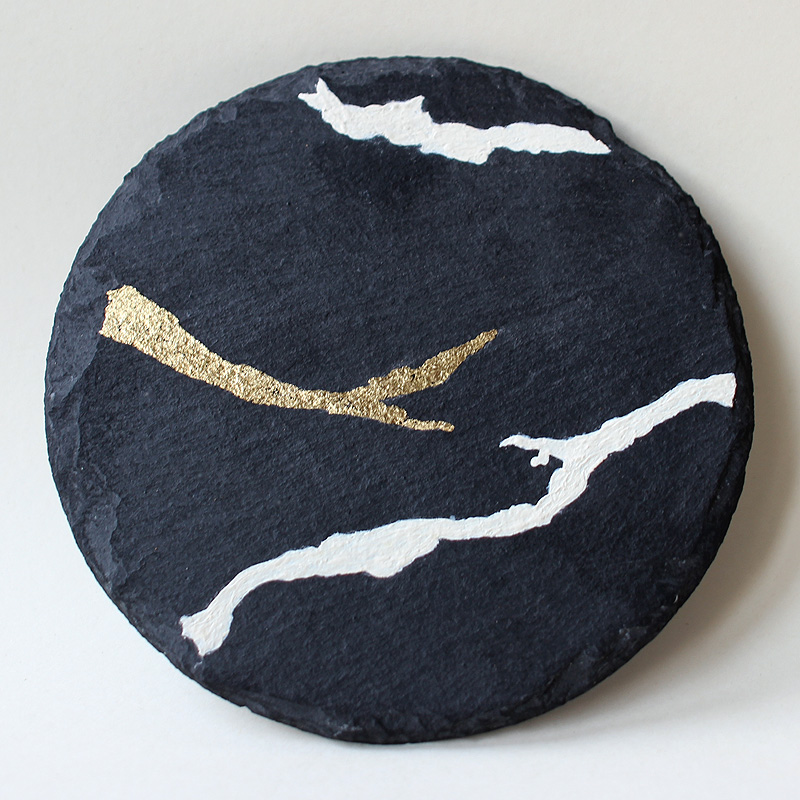 Ø 9 cm - ardoise, acrylique, laque, feuille d'or - janvier 2026
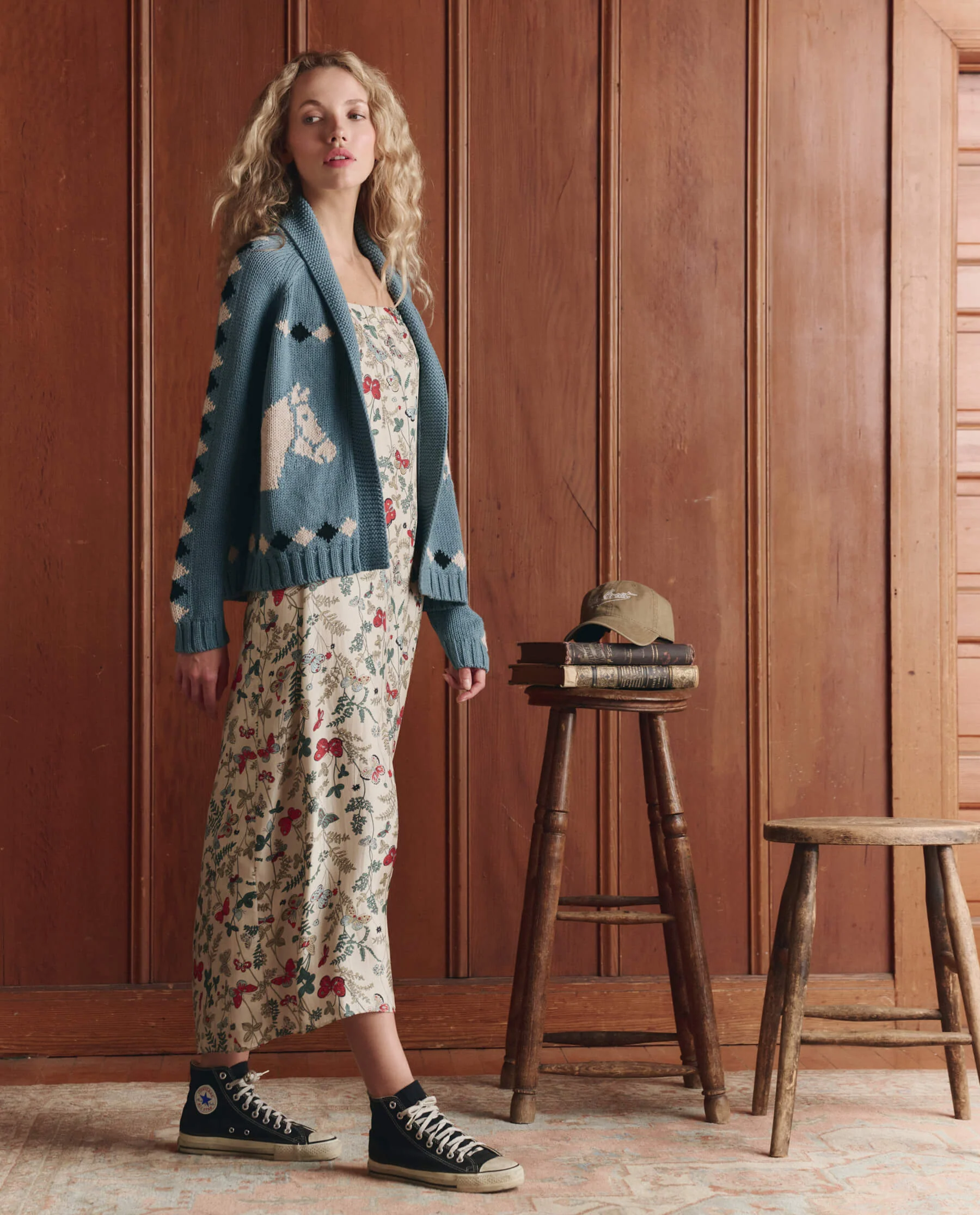 A reimagined version of our signature Lodge Cardigan, the Stable Lodge Cardigan features a western horse motif—a playful detail inspired by a 1960s children’s sweater. Spun from a soft cotton/alpaca yarn, it’s cozy, comfortable, and full of character. Designed for intentional ease throughout the body. Size down for a smaller fit.
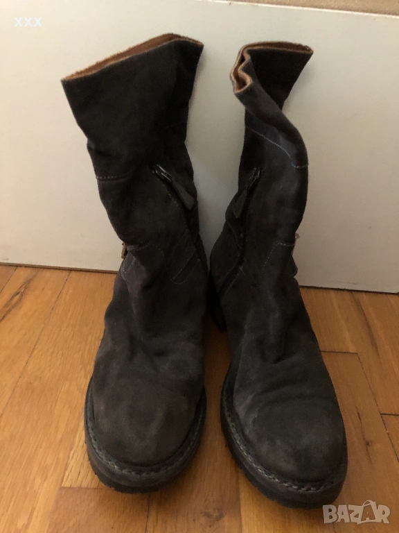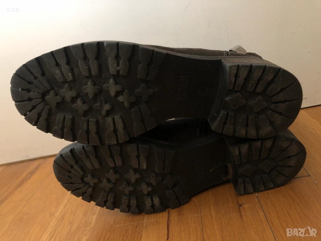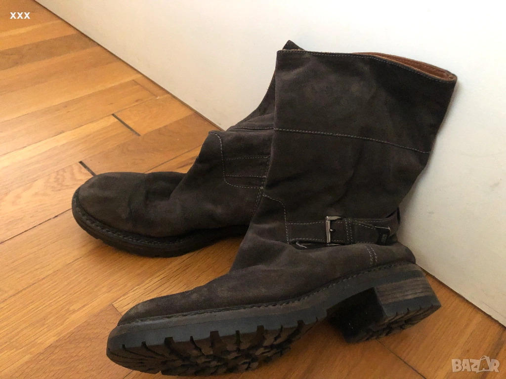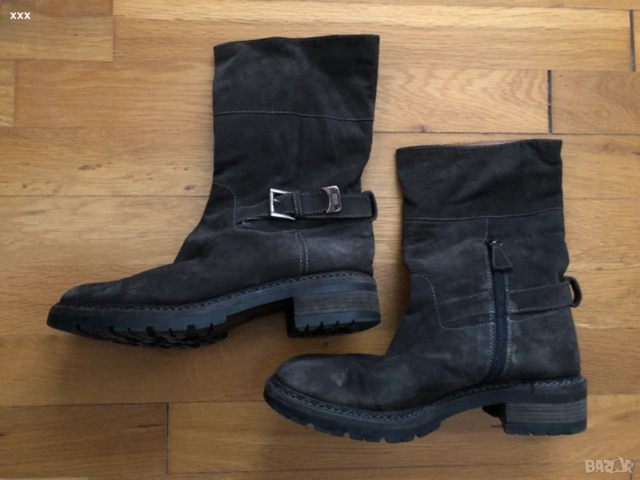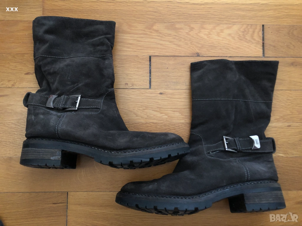 Дамски велурени боти Armani Collezioni, размер 39. Естествен велур в ефектен кафяв цвят с леко масленозелен оттенък. Стабилна грайферна подметка. Леки и удобни,
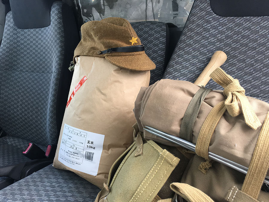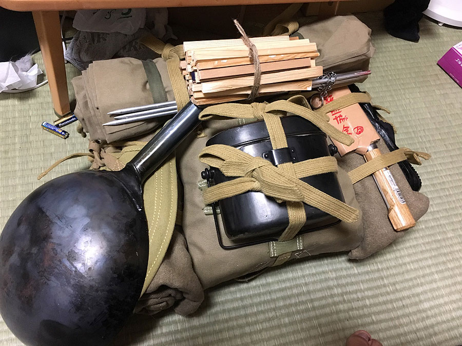 今回、自分が用意するのは、玄米2合と中華鍋、そして炊飯壕を掘る為の円匙ですが、今回は一応、日本兵の格好で行きますので、背嚢を準備しました。といっても、この背嚢、実際に使うのは飯盒と円匙を縛着する為だけに必要なもので、周りに巻いてる毛布や携帯天幕は、格好だけに着けてるだけです。でも、それらを着ける為には、背嚢本体がパンパンに物が入っていないとフニャフニャで形が作れないので、いつもは乾パンや精米など、これまた使わない携帯口糧を入れたりします。つまり、要らんもんばっかり持って行く必要があるのです。まぁ、基本的な装備は予め集合して保管してあるので、準備そのものは手間が掛からないのですが、今回は金曜夜のグループセンタジーがキツくて(今年始めの2か月休んだため)、家に帰って来たら正体もなく寝てしまい、夜中に目が覚めて慌てて準備する羽目に。ともあれ、持って行っても無駄な携帯口糧は下ろして、代わりに雑嚢を突っ込んで背嚢の形を整えたのですが、問題は中華鍋。いつもなら飯盒の上に被せる様に鉄帽をつけるのですが、それの代わりに中華鍋を着けようと思っていたのですが、縛着の仕方で良い案が思い浮かばない。もう眠たいんで、中華鍋は手で持って行く事に。
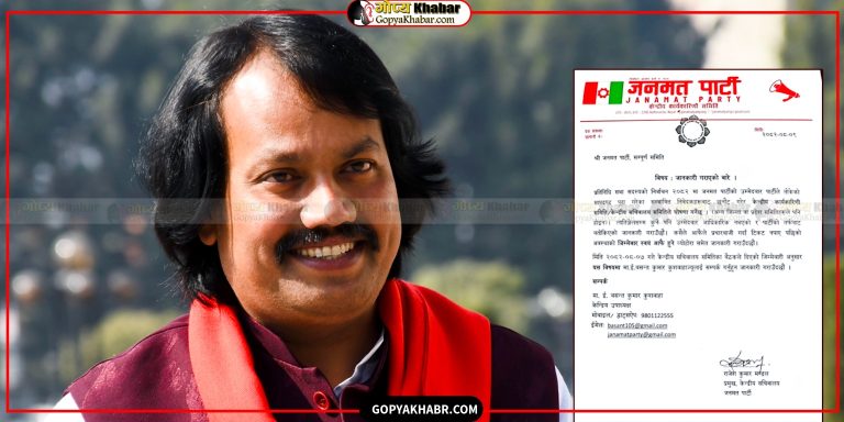 वीरगन्ज- जनमत पार्टीले आगामी प्रतिनिधिसभा निर्वाचनका लागि प्रत्यक्षतर्फ उम्मेदवार बन्न चाहने व्यक्तिले निर्वाचन आयोगले तोकेको सीमाभित्र कम्तीमा ३० देखि ३५
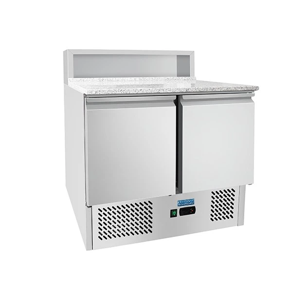 Saladette refrigerata con struttura realizzata in acciaio inox. Piano TOP in granito e con portacondimenti in acciaio inox. Motore tropicalizzato, lavora fino a temperature di 30°C ambiente e 55% di umidità. E’ dotata di refrigerazione statica con ventilazione di assistenza e sbrinamento ad aria. Il termostato digitale permette un facile controllo della temperatura. Le porte autochiudenti con bloccaggio verso l’esterno hanno guarnizioni a incastro facili da smontare. L’interno ha angoli arrotondati per facilitarne la pulizia. Lo spessore di isolamento è di 3,5 cm. In dotazione di serie 1 griglia cm 33,5×59 per ogni anta. Può alloggiare bacinelle gastronorm acquistabili separatamente.
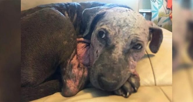När en person gick fram för att kolla vad det var fick vederbörande en riktig chock. Där i låg en stackars hundvalp, helt vanvårdad och rejält skadad.
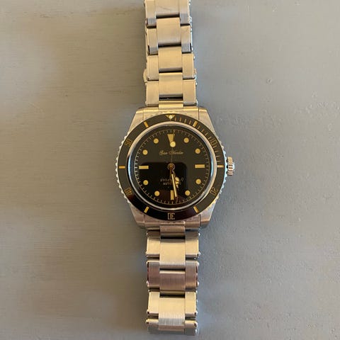 Mukaan paketti, kello, upea nahkaranneke ja San Martinin alkuperäinen metalliranneke jatkopaloineen. Eli kaksi ranneketta.
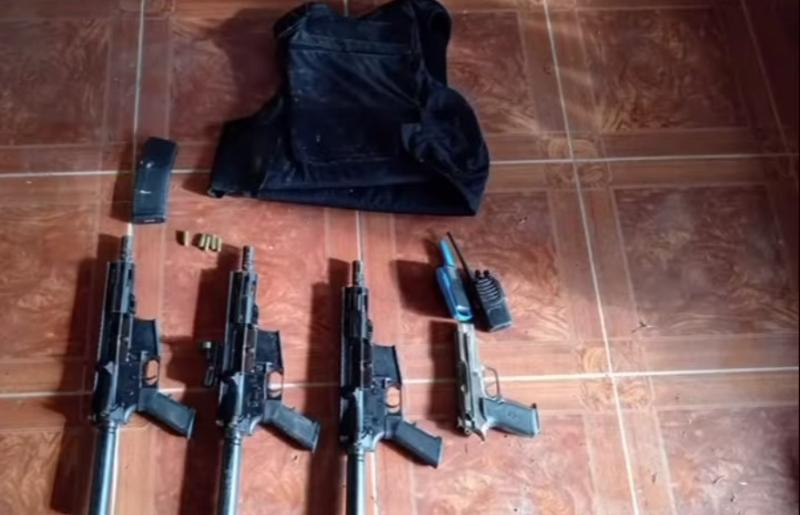 En la residencia inspeccionada, se encontraron varias armas de guerra, radios portátiles y otros indicios.
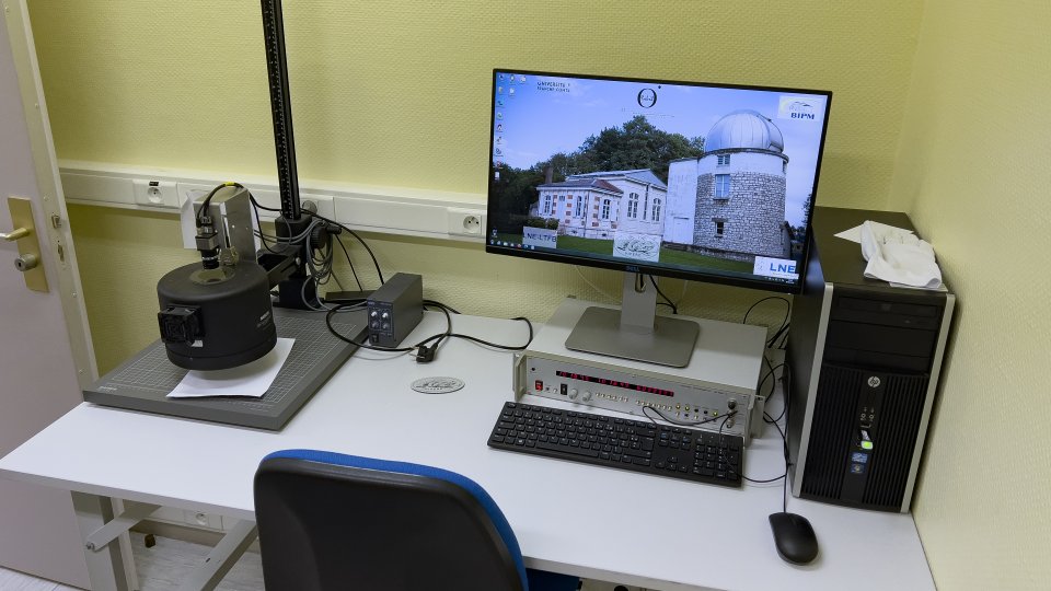 塔の先端に明かり?が灯り、それを望遠鏡で狙う事で温度による金属膨張による誤差を校正します。
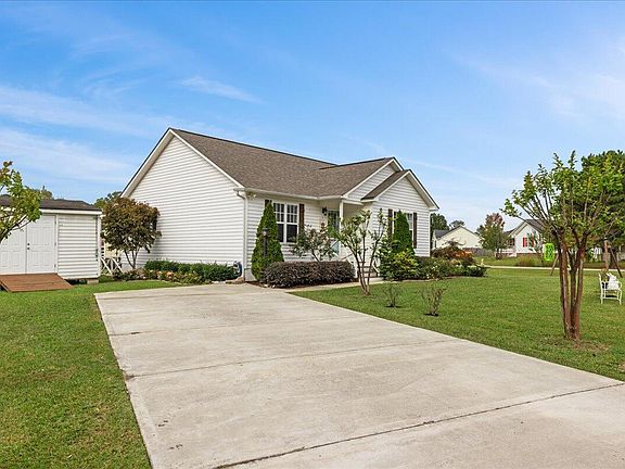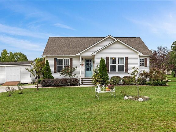 Charming 3-Bedroom Ranch on a Cul-de-Sac Corner Lot! This adorable 3-bedroom, 2-bath ranch home is perfectly situated on a spacious corner lot in a quiet cul-de-sac, offering both privacy and convenience. Step inside to find luxury vinyl plank flooring throughout the entire home—stylish, durable, and easy to maintain. Enjoy year-round outdoor living with a covered back patio—perfect for entertaining—plus an additional patio area complete with a cozy firepit. Gardening enthusiasts will fall in love with the beautifully designed landscaping that surrounds the home, offering vibrant curb appeal and peaceful outdoor space. A 16' x 12' storage building/workshop provides plenty of room for tools, hobbies, or additional storage. Public water and sewer, and a location that's incredibly convenient to Hwy 70 Bypass, I-95, I-40, and Raleigh make this home a rare find. Don't miss this move-in-ready gem with charm, function, and great outdoor living! SOLD AS IS
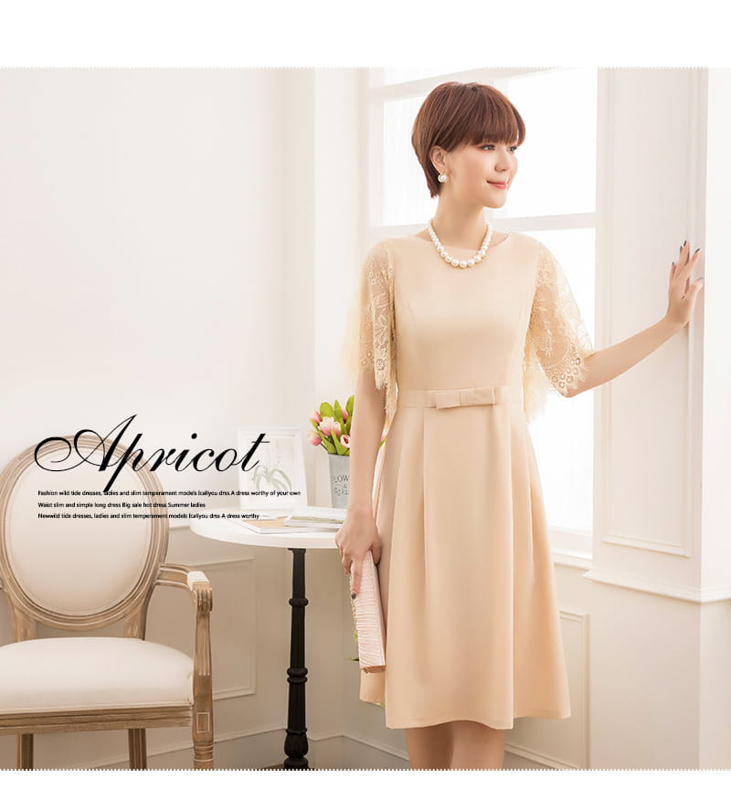 繊細なレースの袖が女性らしい揺れ感を生み出すフェミニンなAラインドレス

**What to produce**
From the line containing "Mukaan paketti, kello, upea" down to the last line of the entries above, set down every line exactly. Omit all pictures.

**Answer box**
 Mukaan paketti, kello, upea nahkaranneke ja San Martinin alkuperäinen metalliranneke jatkopaloineen. Eli kaksi ranneketta.
 En la residencia inspeccionada, se encontraron varias armas de guerra, radios portátiles y otros indicios.
 塔の先端に明かり?が灯り、それを望遠鏡で狙う事で温度による金属膨張による誤差を校正します。
 Charming 3-Bedroom Ranch on a Cul-de-Sac Corner Lot! This adorable 3-bedroom, 2-bath ranch home is perfectly situated on a spacious corner lot in a quiet cul-de-sac, offering both privacy and convenience. Step inside to find luxury vinyl plank flooring throughout the entire home—stylish, durable, and easy to maintain. Enjoy year-round outdoor living with a covered back patio—perfect for entertaining—plus an additional patio area complete with a cozy firepit. Gardening enthusiasts will fall in love with the beautifully designed landscaping that surrounds the home, offering vibrant curb appeal and peaceful outdoor space. A 16' x 12' storage building/workshop provides plenty of room for tools, hobbies, or additional storage. Public water and sewer, and a location that's incredibly convenient to Hwy 70 Bypass, I-95, I-40, and Raleigh make this home a rare find. Don't miss this move-in-ready gem with charm, function, and great outdoor living! SOLD AS IS
 繊細なレースの袖が女性らしい揺れ感を生み出すフェミニンなAラインドレス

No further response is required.